For the benefit of the mere English scholar, we give it thus: “Now, where do you esteem the most degraded slavery? Why, to be sure, says he, when the master is most degraded. It follows then, (says Socrates,) that the slaves of intemperance are the most degraded of slaves.”
In the 30th section of the defence of Socrates before his judges, by Xenophon, we find thus:—
Ὥστε φημὶ, αὐτὸν ἐπὶ τῇ δουλοπρεπεῖ διατριβῇ, ἣν ὁ πατὴρ αὐτῷ παρεσκεύακεν, οὐ διαμενεῖν.
By Leunclavius: “Itaque aio, non permansurum in illo servili vitæ genere, quod pater ei præscripsit.”

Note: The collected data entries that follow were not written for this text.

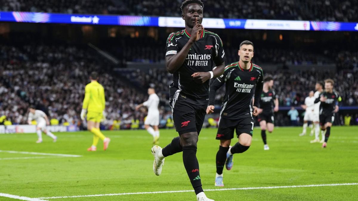 Arsenal’s Bukayo Saka celebrates after scoring the opening goal during the Champions League quarterfinals second leg soccer match between Real Madrid and Arsenal at the Santiago Bernabeu stadium in Madrid, Wednesday, April 16, 2025.
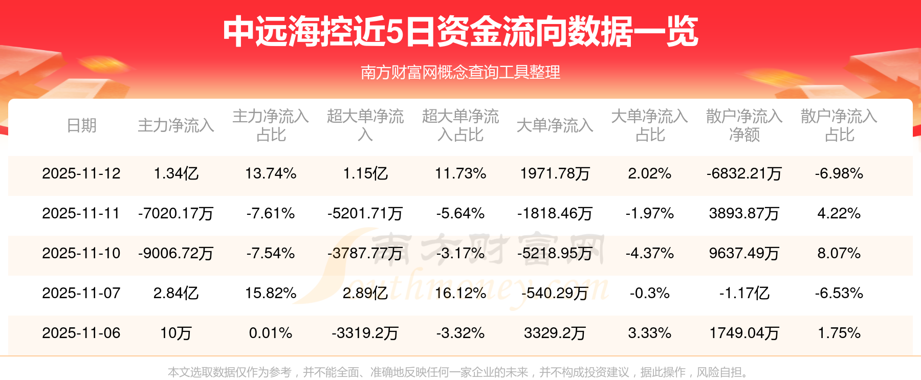 11月12日主力資金凈流入1.34億元,超大單資金凈流入1.15億元,換手率0.5%,成交金額9.78億元。
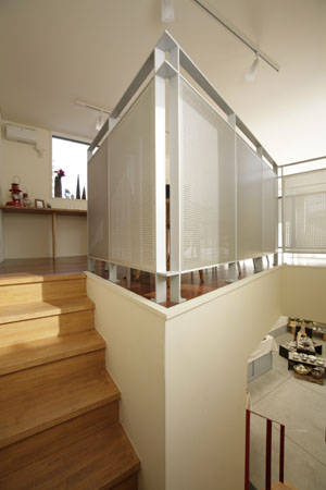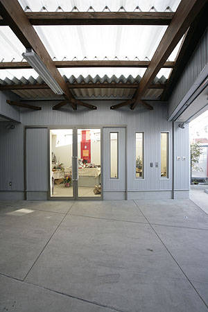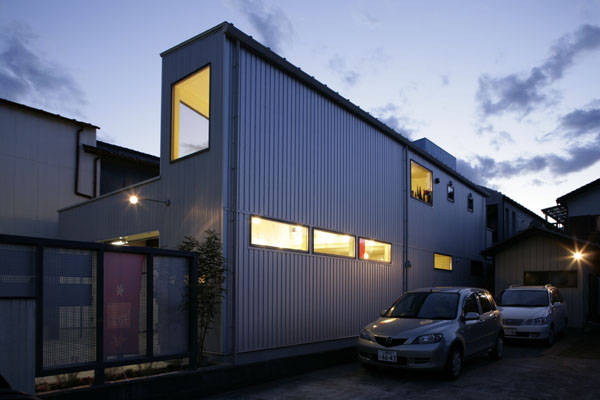店舗と住宅と倉庫と車庫の機能を備えた船体のような建物です。ギャラリーのような設備屋さんです。
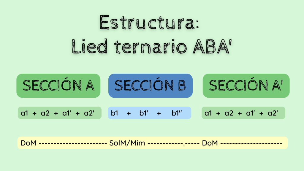 Así concluiría este análisis. Aquí os dejo, como siempre, con este esquema en el que podéis observar el planteamiento tonal de la pieza. Se ve así como se trata de una forma de Lied Ternario. En cuanto a las texturas de la pieza destaca, como predominante, la melodía acompañada. Aunque como hemos señalado, hay un par de breves momentos de monodia.
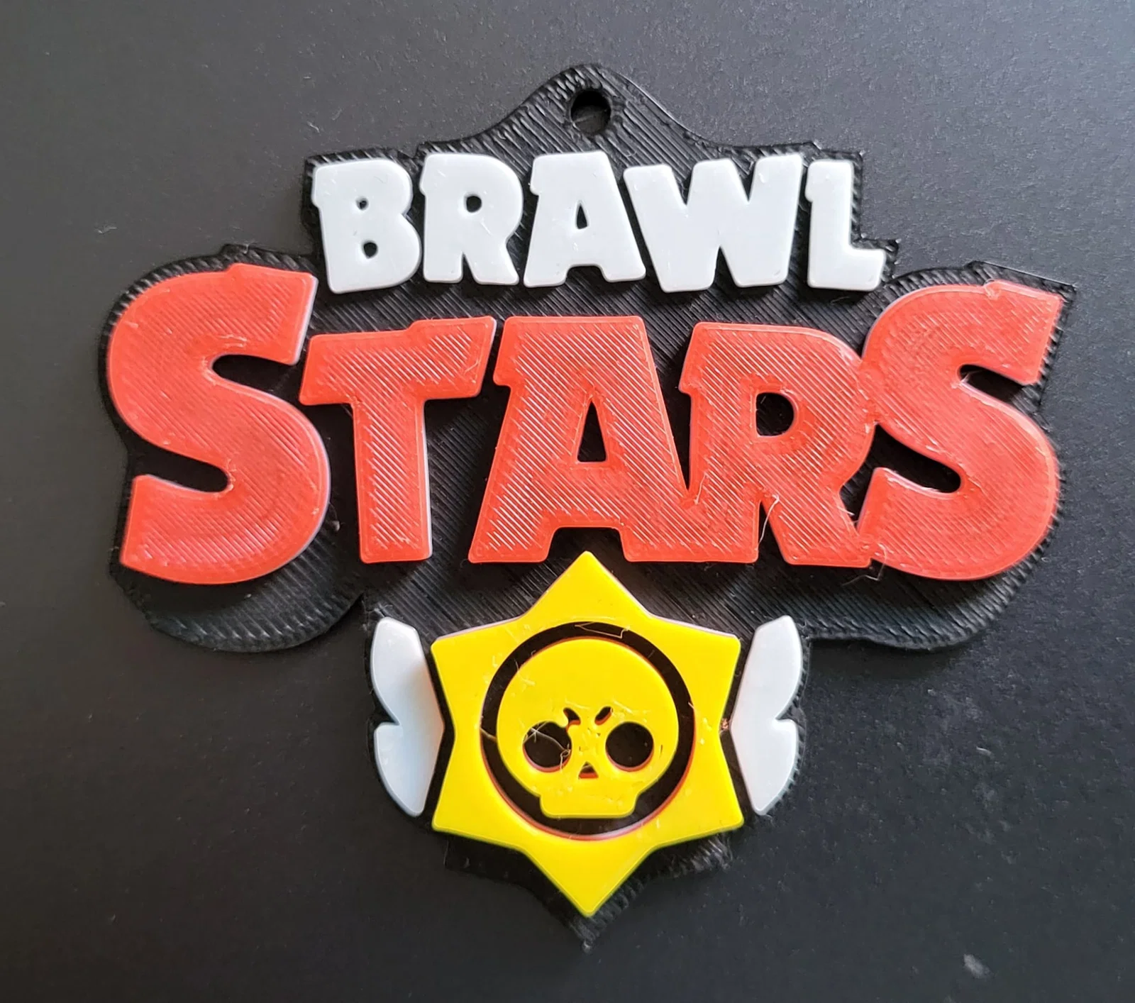 Móc treo móc khóa logo Brawl Stars in 4 màu bằng cách đổi màu filament theo layer. Bắt đầu đen, layer 11 trắng, layer 16 đỏ, layer 21 vàng. Layer height 0.2, không cần support.
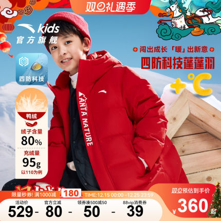 【马年新年红色】安踏儿童中长羽绒服2025年冬四防厚外套175可穿
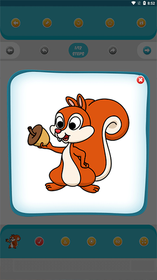 artset4的操作界面直观易用:油漆桶工具(黄色图标)可以快速填充大面积颜色;左右箭头分别用于撤销和重做操作;旋转箭头能重置画布;橡皮擦工具可以修正错误;星星图标用于收藏喜欢的模板;眼镜图标可以隐藏临摹线;紫色圆圈可以调节画笔粗细;完成作品后,点击右上角的文件图标即可保存。保存的作品可以在主页查看,收藏的模板则通过星星按钮访问。
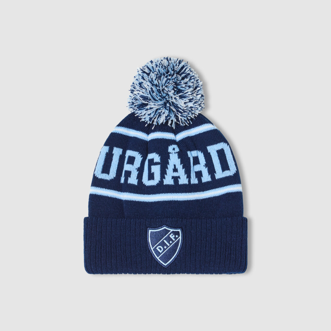 Vår bästsäljande POM-mössa är tillbaka i en uppdaterad design – nu med fler ljusblå detaljer för en fräschare look. Mössan har en broderad outlinesköld framtill och en tydlig “Djurgården”-text som löper runt hela modellen. Perfekt för kyligare dagar när du vill kombinera värme med stil och tydlig lagkärlek.
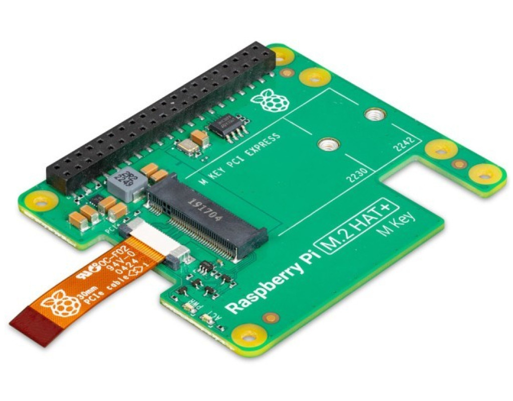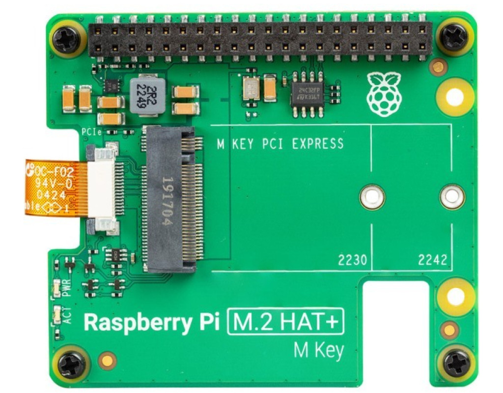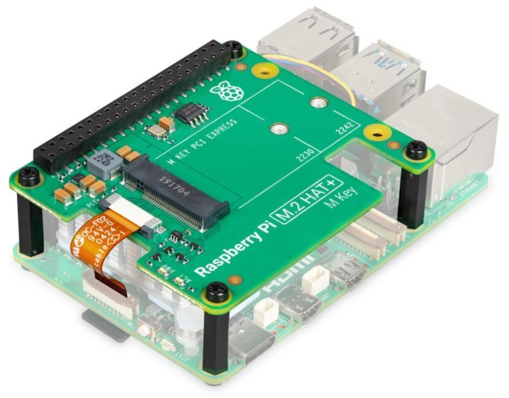 Raspberry Pi M.2 HAT+ дозволяє підключати периферійні пристрої M.2, такі як накопичувачі NVMe і прискорювачі штучного інтелекту, до інтерфейсу PCIe 2.0 Raspberry Pi 5, підтримуючи швидку (до 500 МБ/с) передачу даних на і з накопичувачів NVMe та інших аксесуарів PCIe. Одноканальний інтерфейс PCI Express 2.0 Raspberry Pi 5 виведений на 16-контактний роз'єм FPC з кроком 0,5 мм; M.2 HAT+ M Key — це механічна плата-перехідник, яка забезпечує перехід між цим роз'ємом і підмножиною стандарту M.2. Підтримує пристрої з крайнім роз'ємом M.2 M key у форм-факторах 2230 і 2242. Він здатний подавати до 3 А на підключені пристрої M.2. Raspberry Pi M.2 HAT+ відповідає специфікації Raspberry Pi HAT+ і автоматично визначається найновішим програмним забезпеченням/прошивкою Raspberry Pi. Він постачається з 16-міліметровою стекінговою головкою та різьбовими розпірками, тому його можна встановити на Raspberry Pi 5 з активним кулером Raspberry Pi Active Cooler. |
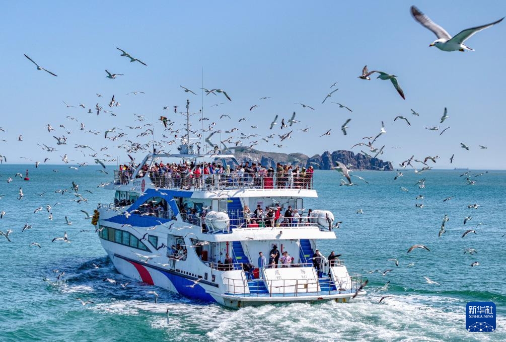 2025年5月4日,在山东省荣成市海驴岛海域,游客乘坐海驴岛环岛游专线与黑尾鸥互动(无人机照片)。
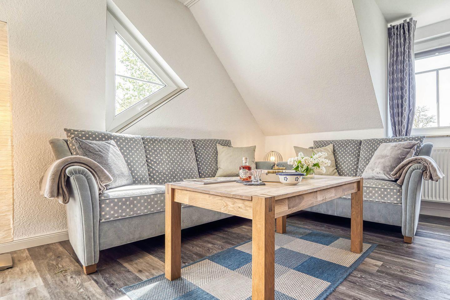 In ruhiger, zentraler Lage erwartet Sie diese gemütliche und liebevoll eingerichtete 55 qm große Maisonettewohnung mit West-Terrasse. Maximal 4 Erwachsene und ein Baby können in der Wohnung erholsame Urlaubstage verbringen. Über den Eingangsbereich mit Garderobe gelangen Sie in den hellen Wohnbereich, das Schlafzimmer mit einem großen Doppelbett und dem Gäste-WC. Über die geschwungene Treppe gelangen Sie in die zweite Etage. Dort befindet sich der zweite Schlafbereich mit Doppelbett und anliegendem Badezimmer. Das Tageslichtbad ist mit einer Dusche, einem Waschtisch mit Spiegelschrank und WC ausgestattet. Der lichtdurchflutete Wohnbereich unterteilt sich in die offene Küche, Essecke und einen großzügigen Sitzbereich, der zum Verweilen einlädt. Den Zugang zum ruhig gelegenen Balkon lädt zum Verweilen ein. Ein eigener PKW-Stellplatz direkt vor der Haustür, ein Schuppen zum Abstellen Ihrer mitgebrachten Fahrräder, Fliegengitter und kostenloses WLAN runden das Angebot ab. Eine weitere Annehmlichkeit sind der Bäcker, Metzger und Einkaufmarkt in unmittelbarer Nähe zur Wohnung.
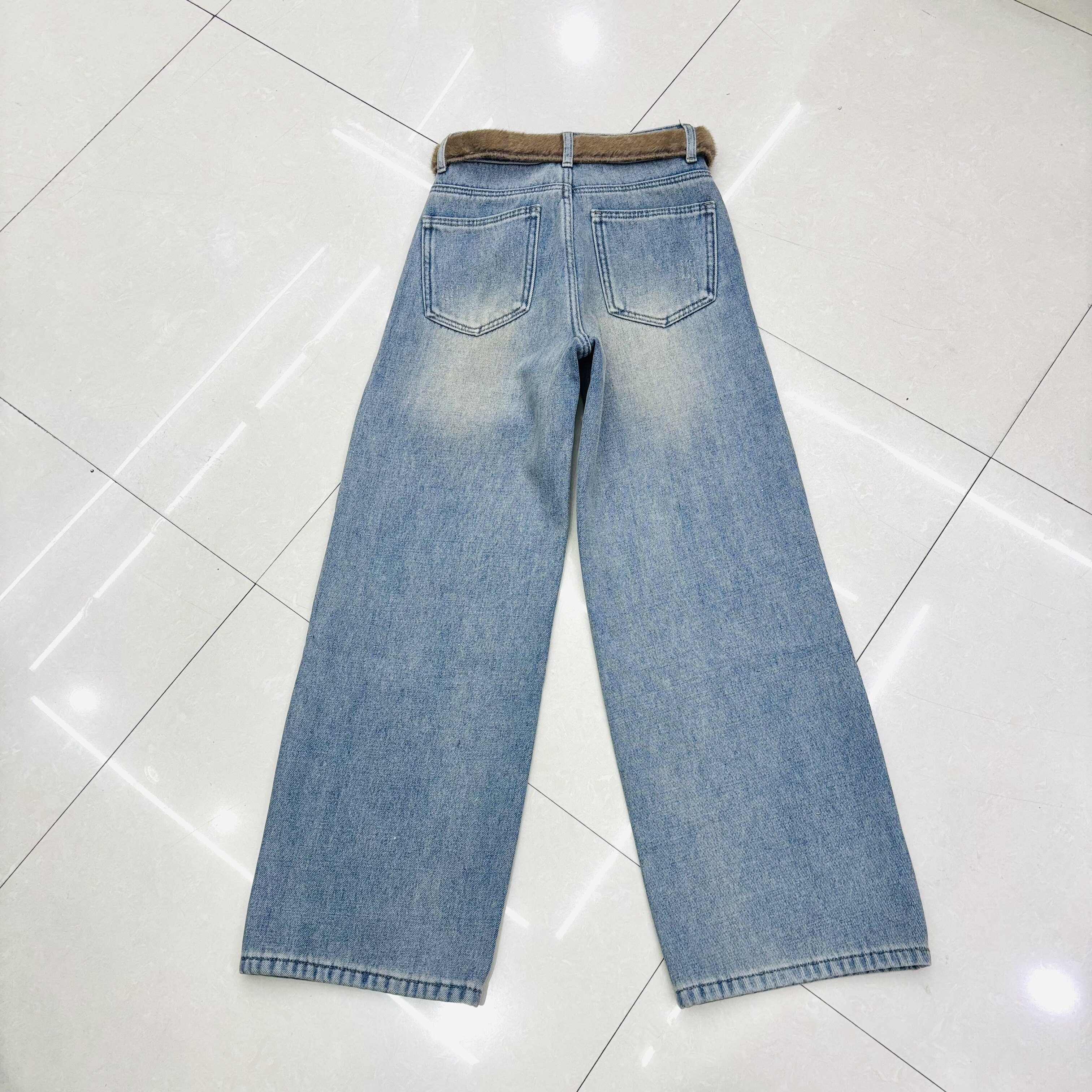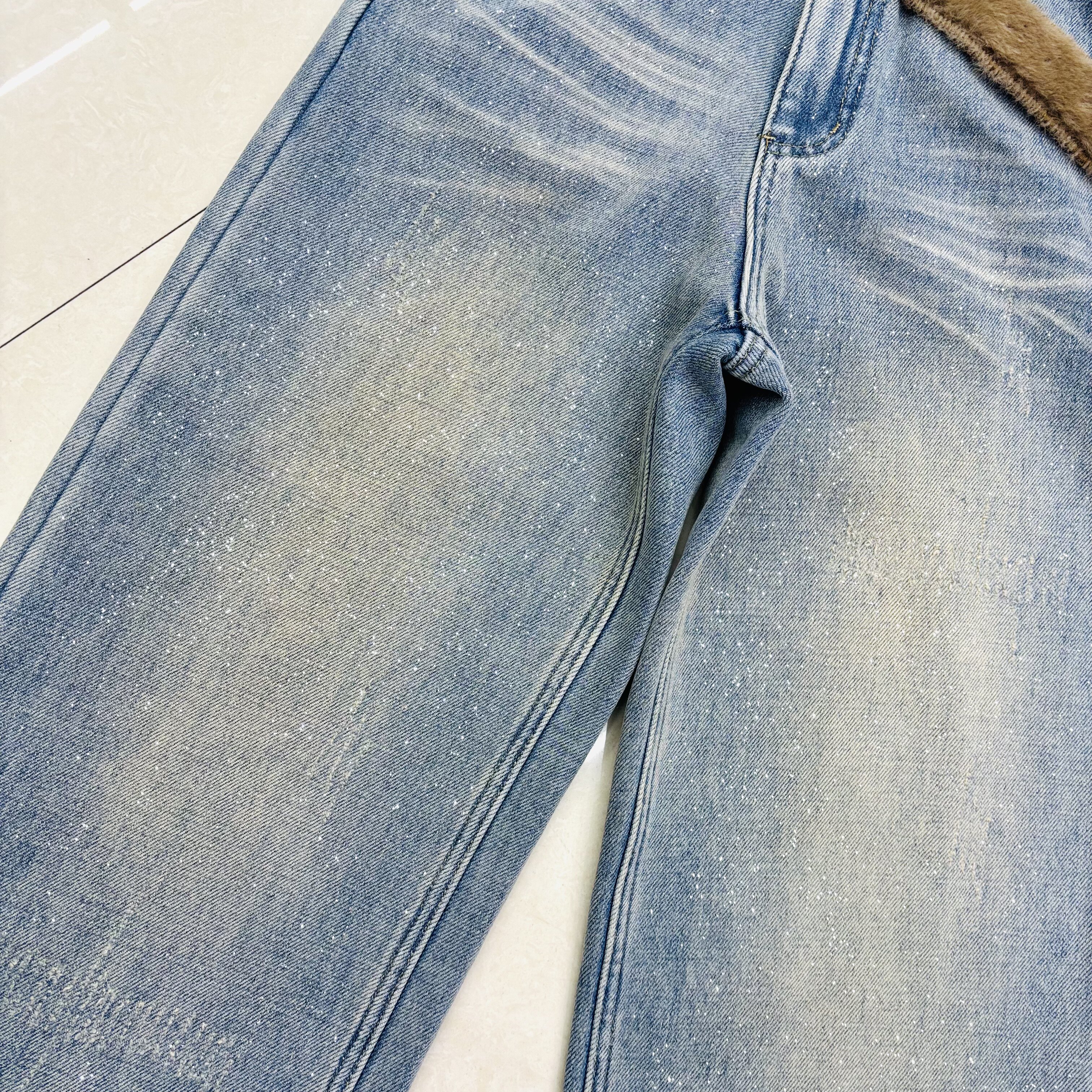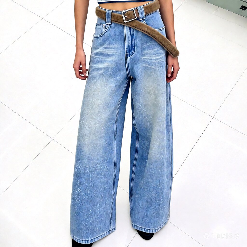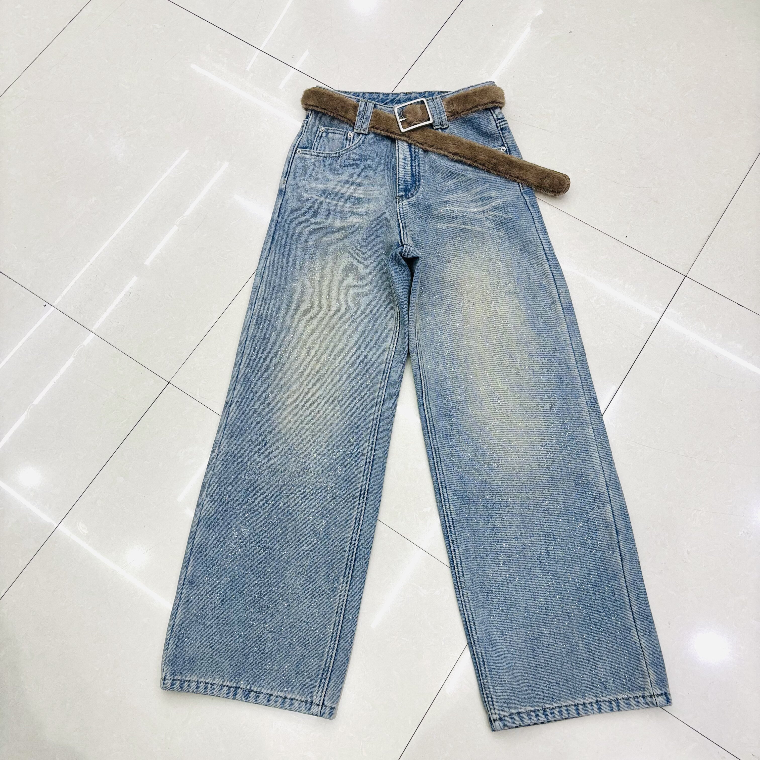 📚 加绒加厚亮片浅蓝色水洗折痕阔腿牛仔裤女高腰宽松直筒拖地5482
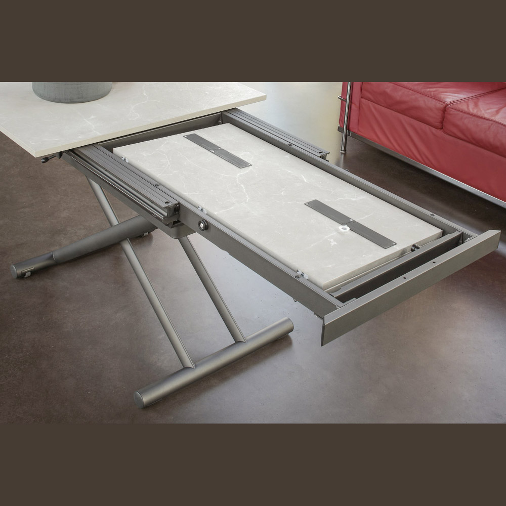 Men den virkelige magi sker, når den forvandler sig. Med en enkel handling løfter og udvider dette alsidige stykke sig og forvandles til et rummeligt og indbydende spisebord. Mekanismen er flydende og intuitiv, designet til at tilbyde maksimal funktionalitet uden at ofre stil.
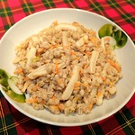 • Готовую крупу соединить с пассерованными кальмарами, овощами и перемешать. При необходимости добавить еще соевого соуса.
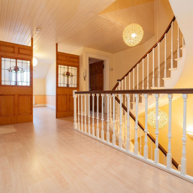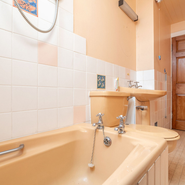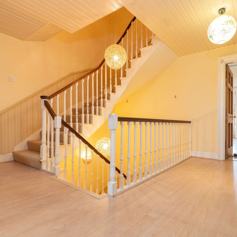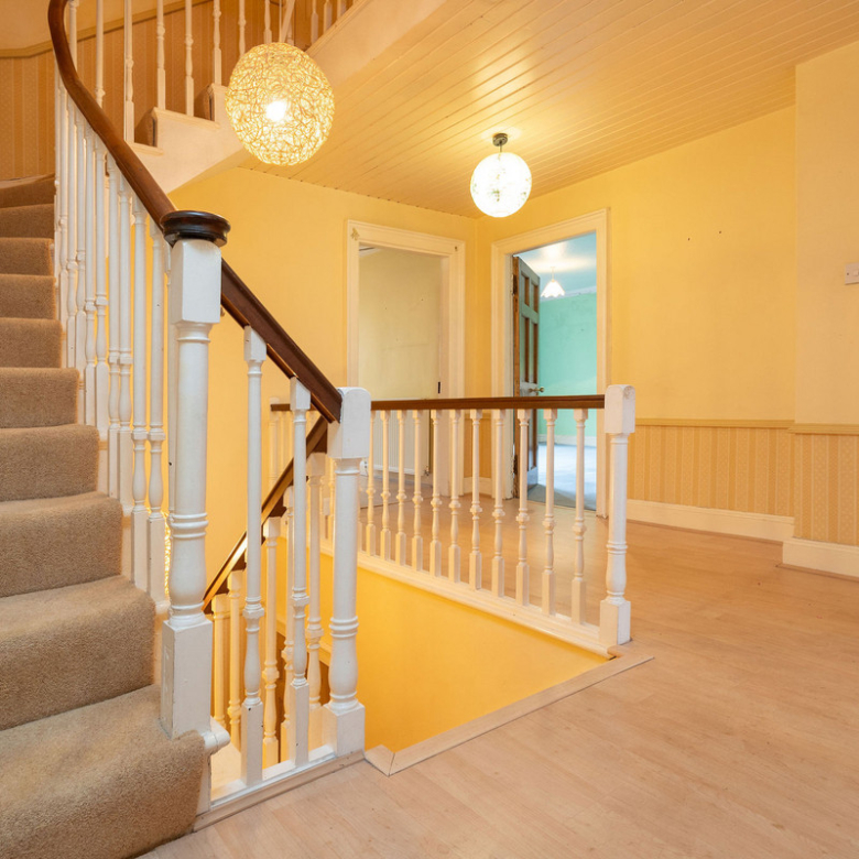 Completing the first floor is a comfortable study accessed through an exquisite stained glass partition and a family bathroom which will now benefit from a cosmetic upgrade.
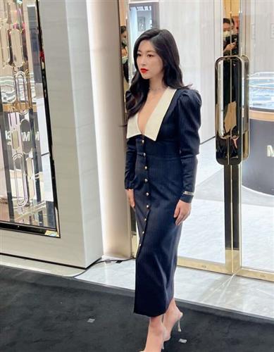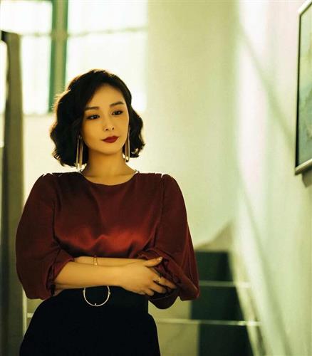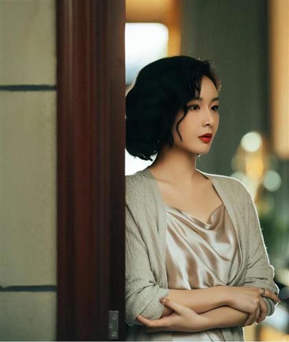 蓬松的大波浪凸显出殷桃的美人尖,身穿吊带裙颇有半老徐娘的韵味,既有成熟女人的魅力,又有少女的娇羞感。
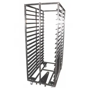 Тара-оборудование хлебная предназначена для хранения изделий и транспортировки в лотках размером 450х740 мм, доставки их специальными автотранспортом и продажи из них хлебобулочных изделий в торговом предприятии. Ходовая часть состоит из 4-х поворотных колёс д.150 мм.

We offer: “So that, I said, it is not becoming that his son should remain in an occupation only proper for a slave, in which alone his father educated him.”
LESSON VII.
At the close of the 23d chapter of the first book of Xenophon’s Cyropædia, we find:
Πολλοὶ δὲ, οἷς ἐξῆν φίλοις χρῆσθαι, καὶ ἢν ποιεῖν καὶ ἢν πάσχειν, τούτοις δούλοις μᾶλλον βουληθέντες η φιλοις χρῆσθαι, ὑπ’ αὐτῶν τούτων δίκην ἔδοσαν.
“There are instances of many, who, when they might have used others as their friends in a mutual intercourse of good offices, and who, choosing to hold them rather as slaves than as friends, have met with revenge and punishment at their hands.” Ashley.